Re: Major Technologies

Anders Sandberg (asa@nada.kth.se)
11 Jan 1999 13:25:31 +0100

"Eliezer S. Yudkowsky" <sentience@pobox.com> writes:

> Anders Sandberg wrote:
> >
> > But there will be a second group
> > doing the breakthrough fairly soon (helped by the knowledge that it is
> > possible and the hints they will get by looking at the first group),
> > and soon there will be many others with the same capabilities. Here
> > comes the assumption Eli and others seem to make, that the first group
> > will try to monopolize the technology totally.
>
> I explicitly said otherwise. I said that the naive people at Foresight
> will publish their breakthroughs and that someone else will try to
> monopolize the technology totally. Does the US embargo prevent Saddam
> from visiting Foresight's Web site?

OK. But monopolizing something that a lot of others may have also downloaded is quite tricky. Just look at the Scientologists hunting the Fishman papers - if their beliefs were actually true and they had the aid of thetan powers, would they still be able to keep the lid on?

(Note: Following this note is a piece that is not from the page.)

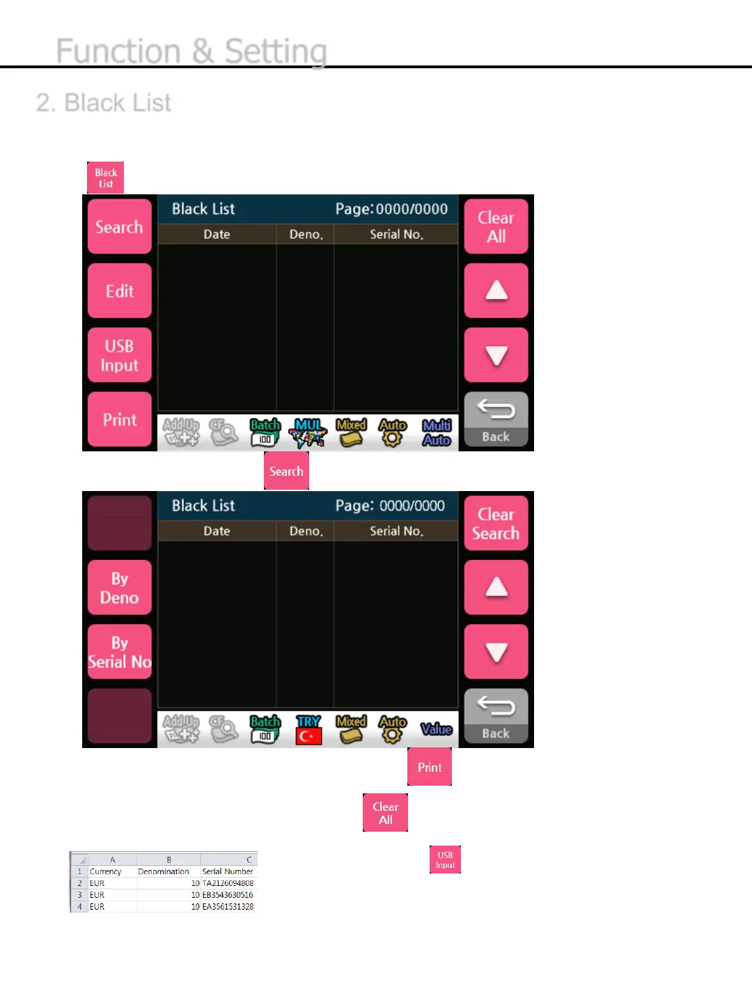 This table shows the information of Black List saved. If the scanned serial number of banknote is in

> The term "naive" is strong. I began using this term when, during a
> debate on red goo vs. blue goo, I pointed out nobody had proposed any
> sort of active shield that would stand up to nuclear weapons, and
> someone said, quote, "That's not fair." Fair? Whoa. "I never thought
> of that", says the Universe, and everyone comes back to life. I suppose
> that dropping 20 megatons on an undefended city is fair. Fact is,
> offensive technology is running far enough ahead of defensive technology
> to blast civilization right now, fair or unfair, and I think the problem
> will only get worse. An honest assertion that active shields can stand
> up to fusion weapons is one thing. Pretending that nobody will try to
> use nanotech for military attack and world domination is naive.

I think the problem is that you move the problem from a question about how to counteract hostile nanosystems to a problem of counteracting anything your enemy might throw at you. That is a bit like asking that the security systems of an elevator should work against somebody blowing up the building.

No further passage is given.